Notice of such meeting need not be given. If such meeting is held at any other
time or place, notice thereof must be given as hereinafter provided for special
meetings of the Board of Directors, subject to the execution of a waiver of the
notice thereof signed by, or the attendance at such meeting of, all Directors
who may not have received such notice.

     Section 7.  Regular Meetings.  Regular meetings of the Board of Directors
may be held, without notice, at such time and place, within or without the State
of Delaware, as shall from time to time be determined by resolution of the Board
of Directors. At such meetings, the Board of Directors may transact such
business as may be brought before the meeting.

     Section 8.  Special Meetings.  Special meetings of the Board of Directors
shall be held whenever called by the Chairman of the Board or the President or
by a majority of the Directors. Notice of each such meeting should be mailed to
each Director, addressed to him at his residence or usual place of business, at
least five days before the date on which the meeting is to be held, or shall be
sent to him at such place by telegraph, cable, radio or wireless, or be
delivered personally or by telephone, not later than the day before the day on
which such meeting is to be held. Each such notice shall state the time and
place of the meeting and, as may be required, the purposes thereof. Notice of
any meeting of the Board of Directors need not be given to any Director if he
shall sign a written waiver thereof either before or after the time stated
therein for such meeting, or if he shall be present at the meeting. Unless
limited by law, the Certificate of Incorporation, these By-laws or terms of the
notice thereof, any and all business may be transacted at any meeting even
though no notice shall have been given.

                                       4
<PAGE>

     Section 9.  Removal of Directors.  Any Director or the entire Board of
Directors may be removed, with or without cause, at any time, by action of the
holders of record of the majority of the issued and outstanding stock of the
Corporation entitled to vote at an election of the directors (a) present in
person or by proxy at a meeting of the holder of such stock, or (b) by a consent
in writing in the manner contemplated in Section 10 of Article II, and the
vacancy or vacancies in the Board of Directors caused by any such removal may be
filled by action of such a majority at such meeting or at any subsequent meeting
or by consent.

     Section 10. Resignations.  Any Director of the Corporation may resign at
any time by giving notice to the Chairman of the Board, the President or the
Secretary of the Corporation. The resignation of any Director shall take effect
upon receipt of notice thereof or at such later time as shall be specified in
such notice, and acceptance of such resignation shall not be necessary to make
it effective.

     Section 11. Vacancies.  Any newly created directorships or vacancies
occurring in the Board by reason of death, resignation, retirement,
disqualification or removal, with or without cause, may be filled by a majority
of the directors then in office though less than a quorum. Any Director so
chosen, whether selected to fill a vacancy or elected to a new directorship,
shall hold office until the next meeting of stockholders at which an election of
directors is in the regular order of business, and until his successor has been
elected and qualifies, or until he sooner dies, resigns or is removed.
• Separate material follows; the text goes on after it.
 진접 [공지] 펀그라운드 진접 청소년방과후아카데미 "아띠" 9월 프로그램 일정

     Section 12. Compensation of Directors.  No Director shall be entitled to
any salary as such, but the Board of Directors may fix, from time to time, a
reasonable annual fee for acting as a director and a reasonable fee to be paid
each Director for his services in attending meetings of the Board. Directors may
also be reimbursed by the Corporation for all reasonable expenses incurred in
travelling to and from meetings of the Board.

     Section 13. Action without a Meeting.  Any action required or permitted to
be taken at any meeting of the Board of Directors may be taken without a meeting
if written consent thereto is signed by all member of the Board, and such
written consent is filed with the minutes or proceedings of the Board.
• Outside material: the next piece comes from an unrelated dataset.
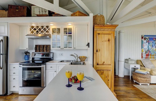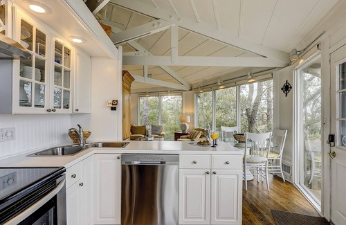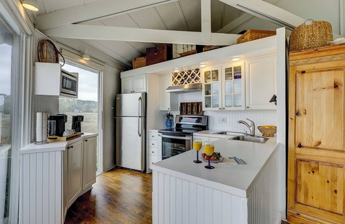 The fully equipped kitchen is complete with table and four chairs. Stainless steel appliances for your cooking pleasure. This home also includes a coffee bar set up in the kitchen overlooking the water. A Nespresso machine and a drip ground coffee maker as well as a k - cup coffee maker for your enjoyment. The spacious open living room offers a sectional sofa and tv with many spots to relax and read. There is a half bath off the living room. The cozy bedroom has a queen size bed, smart tv, and master bath with shower. There is a separate door to an additional powder room. A washer and dryer is located on the lower level for your use. Every room has floor to ceiling windows with amazing views.

     Section 14. Telephonic Participation in Meetings.  Members of the Board
of Directors may participate in a meeting of the Board by means of conference
telephone or similar communications equipment by means of which all persons
participating in the meeting can hear each other, and such participation shall
constitute presence in person at such meetings.

                                  ARTICLE IV

                                  COMMITTEES
                                  ----------

     Section 1.  Committees.  The Bard of Directors may, by resolution passed
by a majority of the entire Board, designate one or more committees, each
committee to consist of one or more of the Directors of the Corporation, which,
to the extent provided in the

                                       5
<PAGE>

resolution and permitted by law, shall have and may exercise the powers of the
Board of Directors in the management of the business and the affairs of the
Corporation and may authorize the seal of the Corporation to be affixed to all
papers which may require it. The Board of Directors may designate one or more
Directors as alternate members of any committee, who may replace any absent or
disqualified member at any meeting of the committee. Such committee or
committees shall have such name or names as may be determined from time to time
by resolution adopted by the Board of Directors. Each committee shall keep
regular minutes of its meetings and report the same to the Board of Directors
when required.

     Section 2.  Appointment of Additional Members to Committees.  In the
absence or disqualification of any member of such committee or committees, the
member or members thereof present at any meeting and not disqualified from
voting, whether or not he or they constitute a quorum, may unanimously appoint
another Director to act at the meeting in the place of any such absent or
disqualified members.

                                   ARTICLE V

                                   OFFICERS
                                   --------

     Section 1.  Principal Officers.  The Board of Directors shall elect a
Chairman of the Board, a President, a Secretary and a Treasurer, and may in
addition elect one or more Vice Presidents and such other officers as it deems
fit; The Chairman of the Board, the President, the Secretary, the Treasurer, the
Vice Presidents, if any, being the principal officers of the Corporation. One
person may hold, and perform the duties of, any two or more of the said offices.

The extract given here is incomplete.